The support frame to be installed under the bridge A in this way is manufactured as a split support frame 1a divided in the direction parallel to the central axis of the bridge, or is manufactured at the factory and temporarily placed, so that the slope is steep. It is also possible to repair bridge A in mountainous areas where it is difficult to secure ample land.
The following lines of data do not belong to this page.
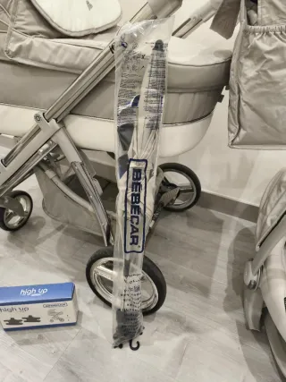 Pack de cochecito Bebecar en muy buen estado. - Chasis cromado. - Ruedas grandes y pequeñas. - Cesta de almacenaje. - Marca: Bebecar. Incluye : capazo, silla y maxi-coxi también incluye sombrilla a juego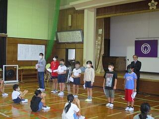 次に、図書担当の東先生から読書の意義に関するお話がありました。それに関連して市読書感想画に応募した7名の表彰がありました。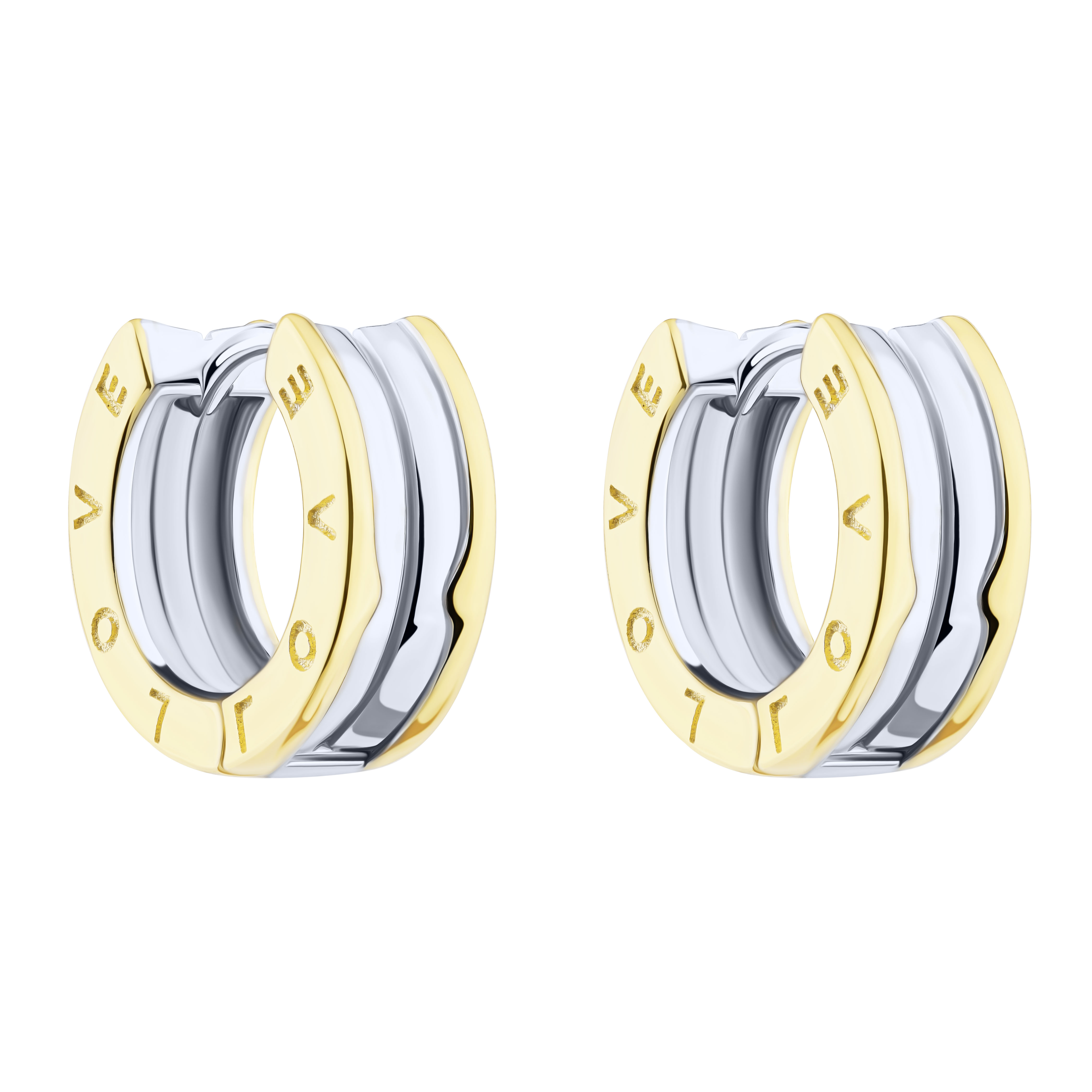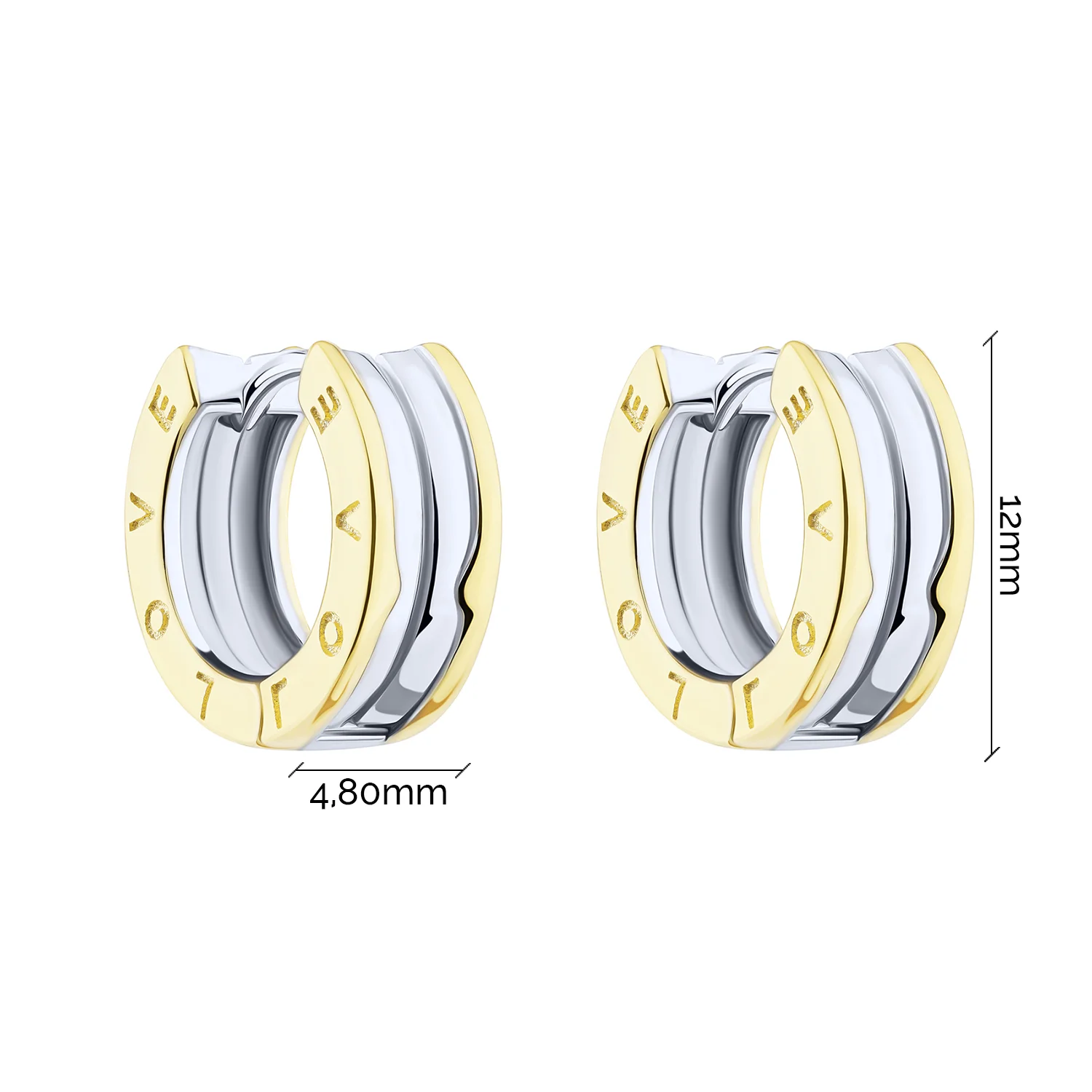 Сережки-кільця "Love" зі срібла з жовтим родіюванням - 2188743

<4> Adoption of box culvert.
As the split support frame 1a, a cylindrical box culvert having an external dimension that is smaller in height and width than the height and width of the lower part of the bridge A, which penetrates the flow path space 2 inside, can also be adopted.
Box culverts can be made from precast concrete, steel, or other off-the-shelf products, or can be manufactured near the site.
Other features are the same as the arch-shaped split support frame 1a described above.
The upper surface of the split support frame 1a having any shape is integrated with the solidifying material 4 described later, and is not disassembled even after the solidifying material 4 is cured.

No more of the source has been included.